> WORK INSTRUCTIONS
In this exercise, print only the lines of the records below from the one with "The Algus 8SR" through the one with "आर्मीले पहिलो हाफमा", inclusive. Pictures are not part of the copy.

> DATA TO EXAMINE
"""

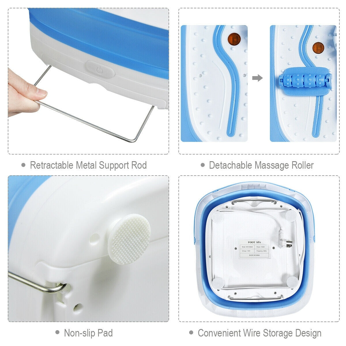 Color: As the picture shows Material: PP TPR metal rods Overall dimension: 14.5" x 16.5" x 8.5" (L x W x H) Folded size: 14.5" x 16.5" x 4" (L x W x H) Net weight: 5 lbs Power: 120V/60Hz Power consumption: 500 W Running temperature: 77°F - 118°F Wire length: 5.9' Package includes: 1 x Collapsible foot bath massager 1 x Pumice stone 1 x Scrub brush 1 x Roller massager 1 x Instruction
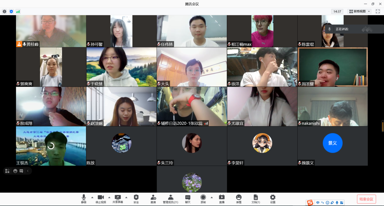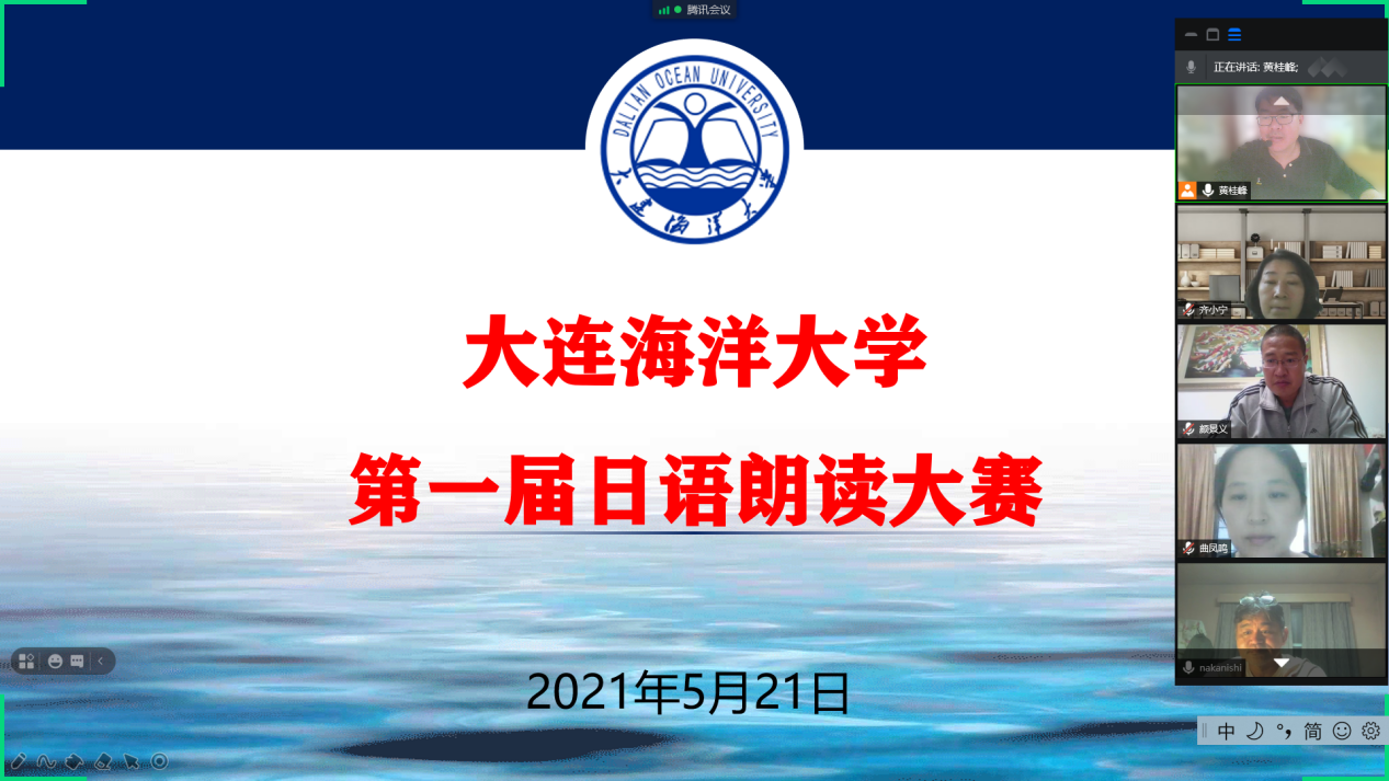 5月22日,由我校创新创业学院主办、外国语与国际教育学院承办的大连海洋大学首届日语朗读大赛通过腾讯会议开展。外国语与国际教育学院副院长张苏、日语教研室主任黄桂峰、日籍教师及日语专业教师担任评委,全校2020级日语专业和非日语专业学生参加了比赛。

"""
"""

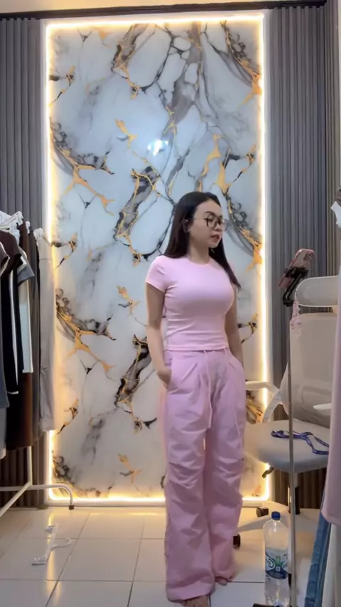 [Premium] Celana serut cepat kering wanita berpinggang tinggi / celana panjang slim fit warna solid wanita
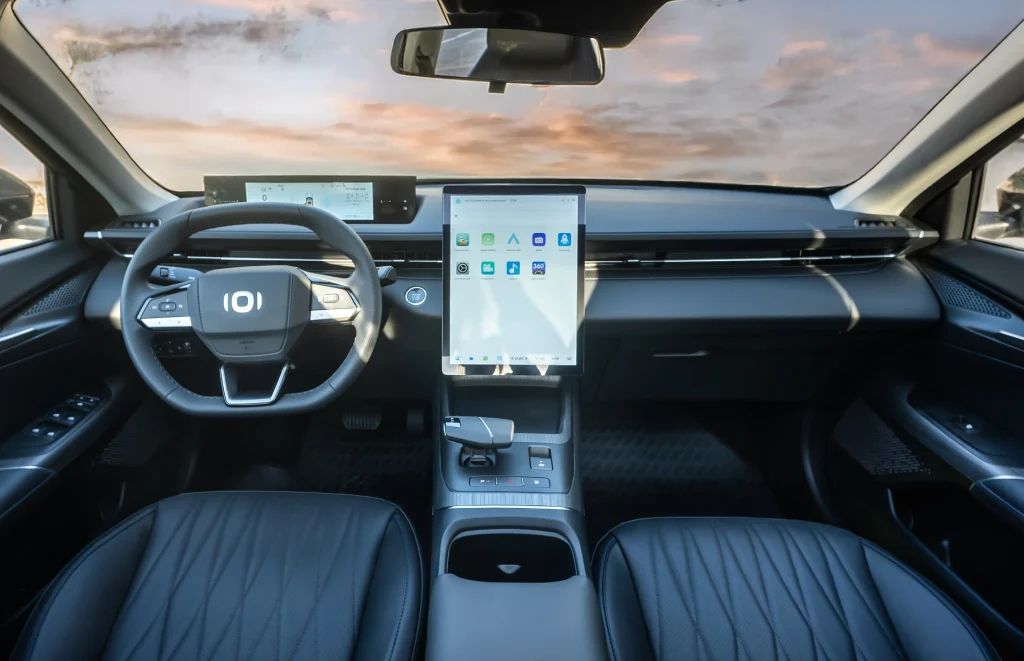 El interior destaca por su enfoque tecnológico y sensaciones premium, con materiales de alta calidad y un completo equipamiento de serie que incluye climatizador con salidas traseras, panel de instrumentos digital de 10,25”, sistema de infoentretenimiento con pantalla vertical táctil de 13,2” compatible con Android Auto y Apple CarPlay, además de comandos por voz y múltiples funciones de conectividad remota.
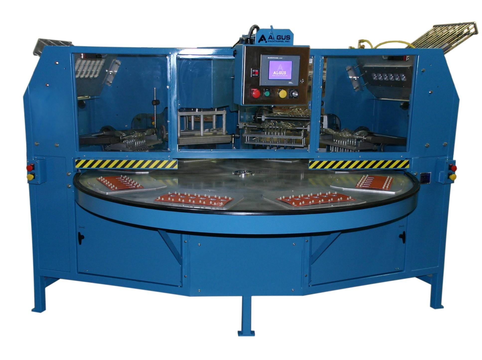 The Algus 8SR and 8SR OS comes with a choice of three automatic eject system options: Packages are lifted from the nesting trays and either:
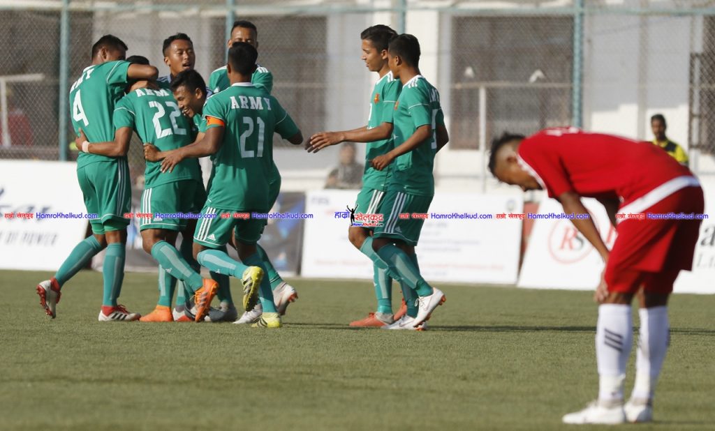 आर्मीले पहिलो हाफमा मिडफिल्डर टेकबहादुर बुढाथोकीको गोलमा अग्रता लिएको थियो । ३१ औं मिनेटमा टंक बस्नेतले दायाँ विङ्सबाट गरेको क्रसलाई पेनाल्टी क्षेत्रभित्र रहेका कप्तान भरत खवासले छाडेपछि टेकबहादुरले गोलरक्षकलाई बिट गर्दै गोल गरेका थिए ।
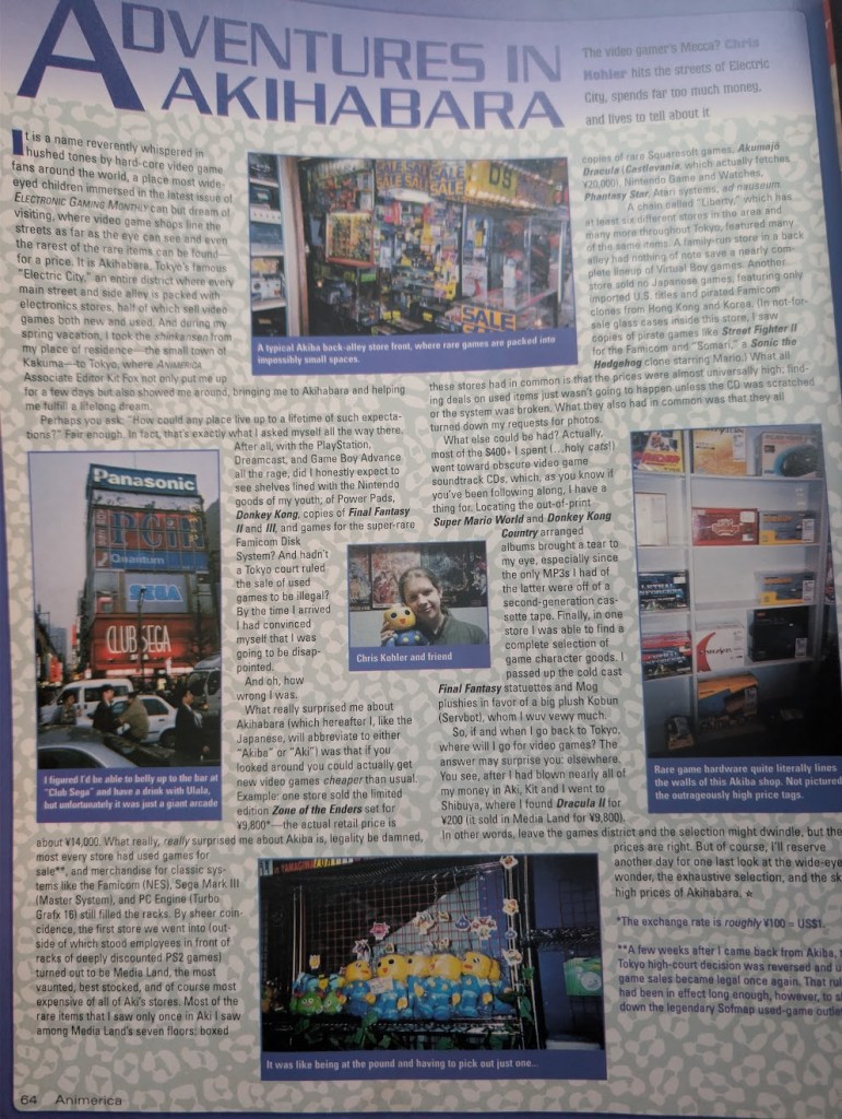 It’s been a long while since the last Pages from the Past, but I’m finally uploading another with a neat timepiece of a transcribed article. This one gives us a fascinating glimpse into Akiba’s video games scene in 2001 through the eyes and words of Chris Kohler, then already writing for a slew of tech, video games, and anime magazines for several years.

"""
"""

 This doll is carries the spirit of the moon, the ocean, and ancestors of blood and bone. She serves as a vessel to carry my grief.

"""

> EXPECTED ANSWER
 The Algus 8SR and 8SR OS comes with a choice of three automatic eject system options: Packages are lifted from the nesting trays and either:
 आर्मीले पहिलो हाफमा मिडफिल्डर टेकबहादुर बुढाथोकीको गोलमा अग्रता लिएको थियो । ३१ औं मिनेटमा टंक बस्नेतले दायाँ विङ्सबाट गरेको क्रसलाई पेनाल्टी क्षेत्रभित्र रहेका कप्तान भरत खवासले छाडेपछि टेकबहादुरले गोलरक्षकलाई बिट गर्दै गोल गरेका थिए ।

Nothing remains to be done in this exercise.